Gov. Jerry Brown made history Sept. 30 by signing a bill into law that requires major California-based companies to have female directors on their boards.

The law, known as SB 826, is a first of its kind in the country and calls for publicly traded companies with headquarters in the state to maintain at least one woman on their boards by the end of 2019.

That number would increase to two women on boards of five – and three women on boards of six or more – by the end of 2021. Companies that don’t meet the board requirement will face financial penalties. This comes as welcome news, but it is also long overdue.

Only 17.9 percent of corporate directors at Fortune 1000 companies are women, according to the 2020 Women on Boards campaign. It’s slightly higher in California, with 20.8 percent of board seats held by women. This is a very small number when you consider that women account for 47 percent of the U.S. workforce, and more than 40 percent hold management or professional positions, according to U.S. Department of Labor.

The new California legislation has a multitude of benefits, and not all are just for women:

Having more women on boards can improve your bottom line. A 2017 study by MSCI Inc., found U.S. companies with three or more female directors reported earnings per share that were 45 percent higher than those companies with no female directors at the beginning of the period.
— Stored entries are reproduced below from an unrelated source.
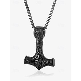 colier cu pandantiv cu ciocan de Thor viking pentru bărbați - bijuterii din mitologia nordică, mjolnir din oțel inoxidabil pentru casual și cosplay
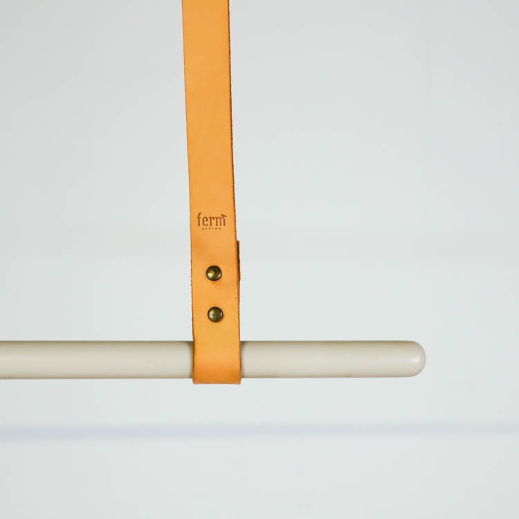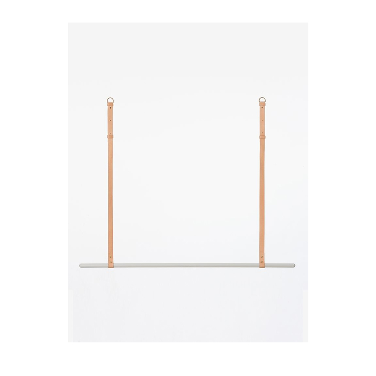 Tänk dig en garderob som liknar den traditionella öppna planlösningen mellan kök och vardagsrum, fast i ditt sovrum och klädkammare. En plats där dina kläder får träda fram på ett elegant sätt, hängandes på denna stilfulla klädstång från Ferm Living. Stången har en soft grå kulör tillverkad i stål och banden i brunt läder, en helt perfekt kombination!
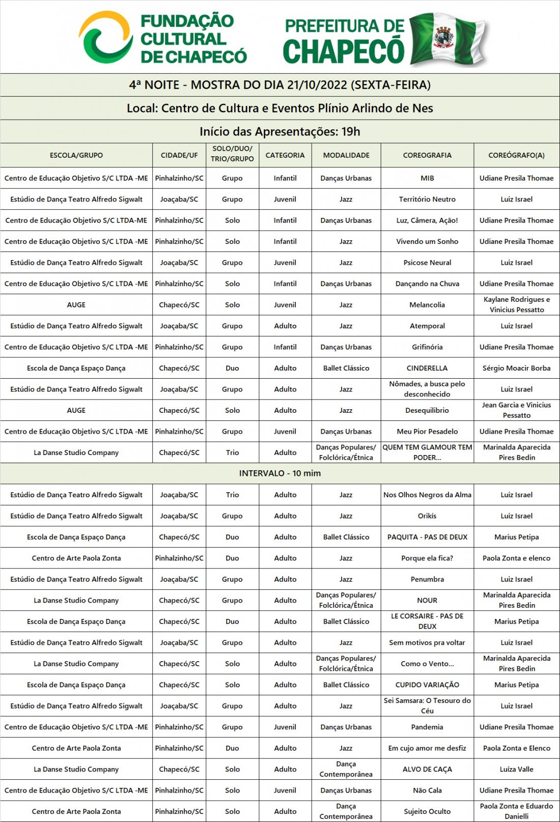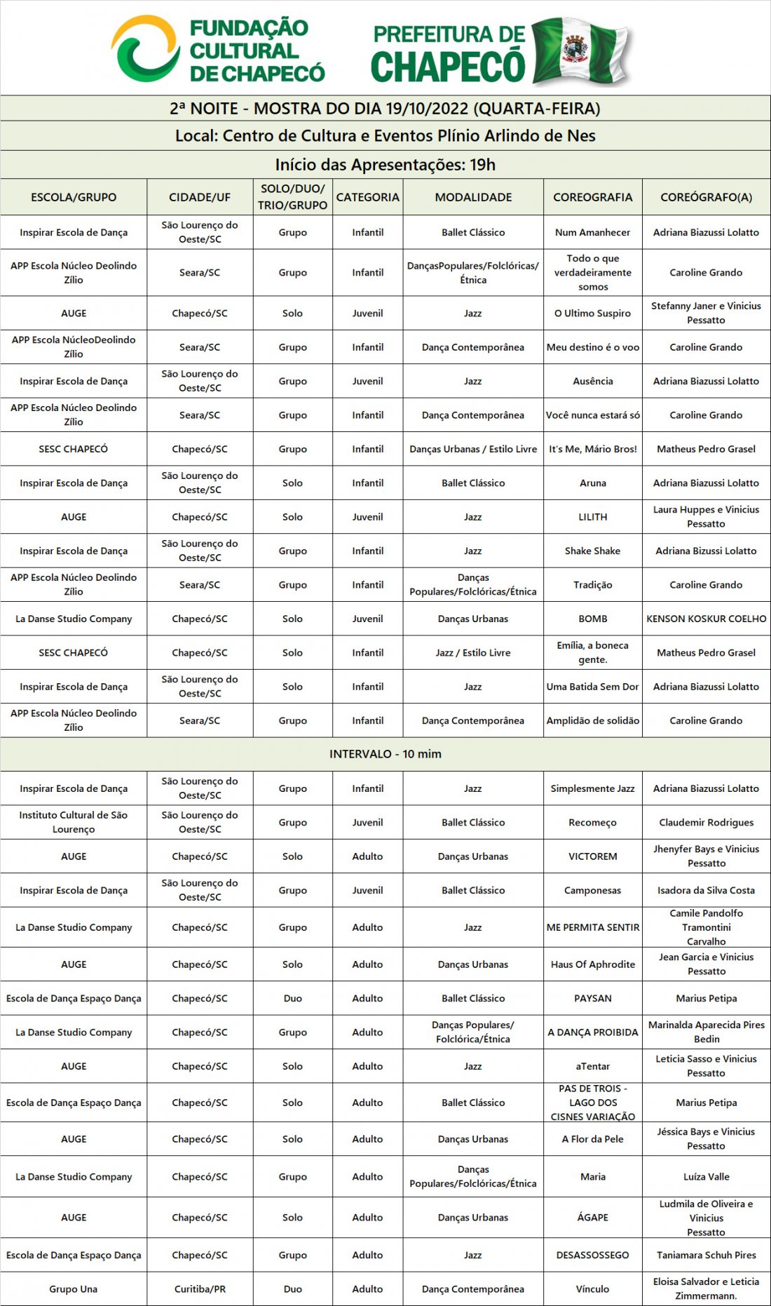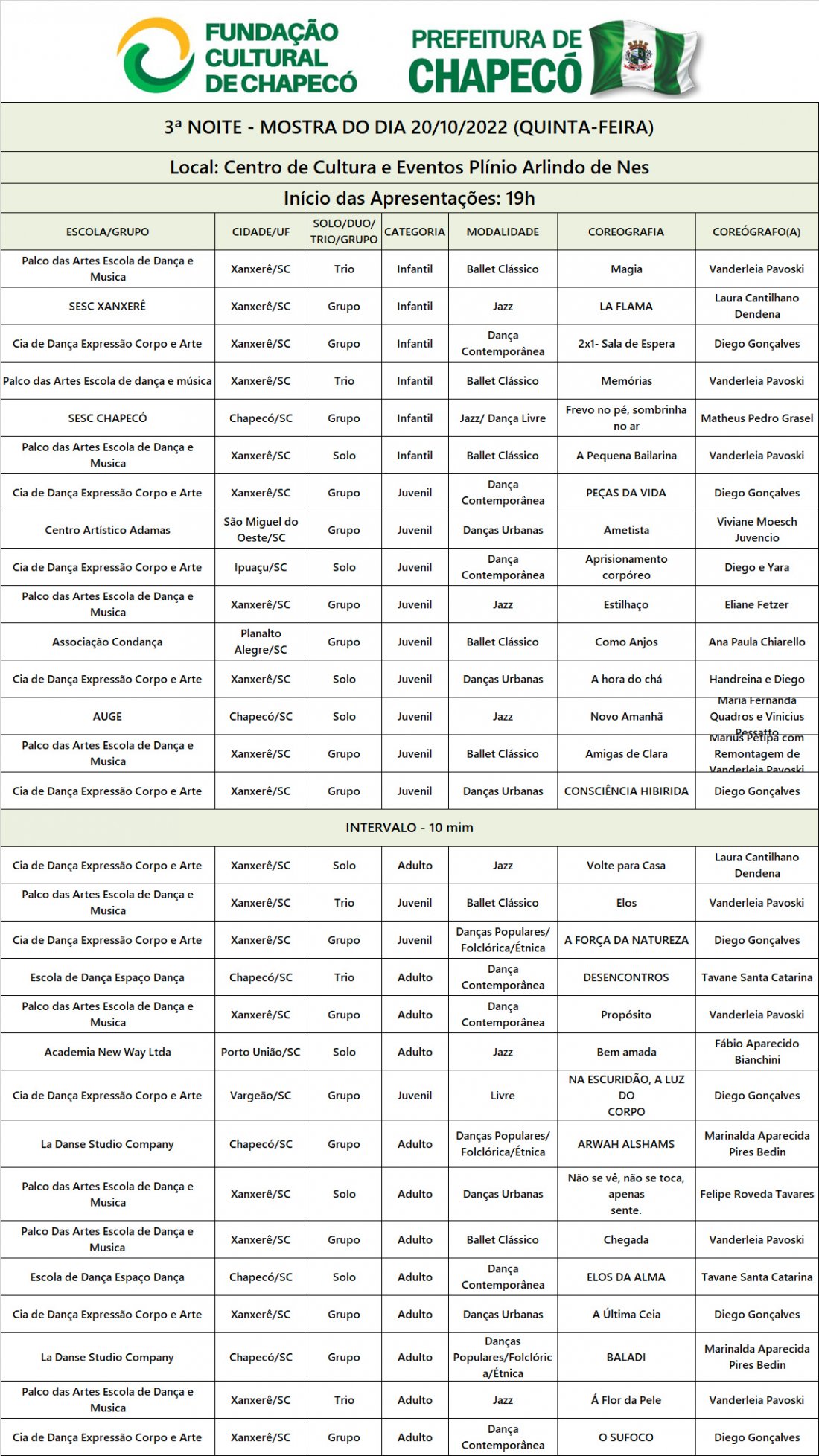 Os Ingressos deverão ser adquiridos na Escola de Artes de Chapecó.

A 2016 Credit Suisse report stated companies with more female executives in decision-making positions generate stronger market returns; for example, when women accounted for 25 percent of senior leadership, they outperformed at a compound annual growth rate of 2.8 percent over a three-year period, and that jumps to 10.3 percent at companies where more than 50 percent of senior leaders are women.
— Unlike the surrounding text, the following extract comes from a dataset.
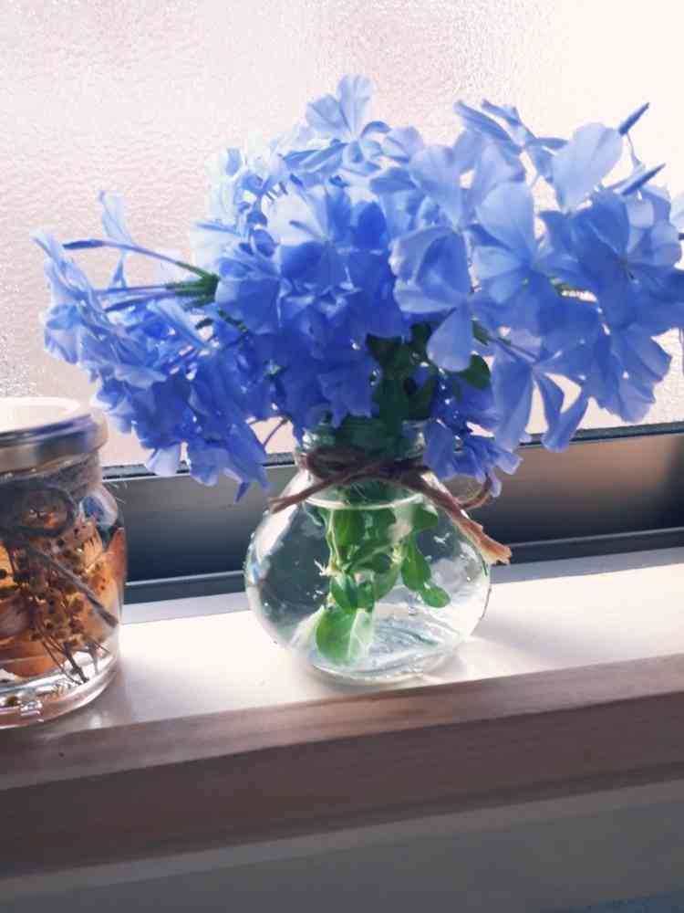 夕方の水やりついでに、ワサワサのルリマツリをカット✂️

The new law will encourage more women to aspire to leadership positions. Women want role models that look like them. Many of my female students have said to me, “If I don’t see a woman in a position that I might aspire to, I am far less likely to try to achieve that position.” If we put more women on boards, those young women will see their role models enacting leadership.

Women making important decisions will positively influence the organizational culture. When a company makes a commitment to gender diversity at the board level, that commitment is far more likely to span the entire corporation. When a company doesn’t make that same commitment to gender diversity, then women have a much more difficult time advancing into leadership roles. Ultimately, it has to do with embedding diversity and inclusion into the fabric of the organization. This level of commitment results in a sustained organizational culture where everyone can flourish and reach their highest potential. An organization rich in diversity, in all its forms, from the top and all across the enterprise, attracts the best talent, is more agile and is better able to adapt to changing market conditions.

Requiring women on boards of California companies will cascade and lead to change in other states and nations. California is a leader on many issues, and gender equity is no exception. This legislation will not only create change at the top, but the benefits, as noted above, will trickle down.

California companies will benefit from more women on their boards because advancing women is just good business.

Dr. Bernice Ledbetter is director of the Center for Women in Leadership at Pepperdine Graziadio Business School.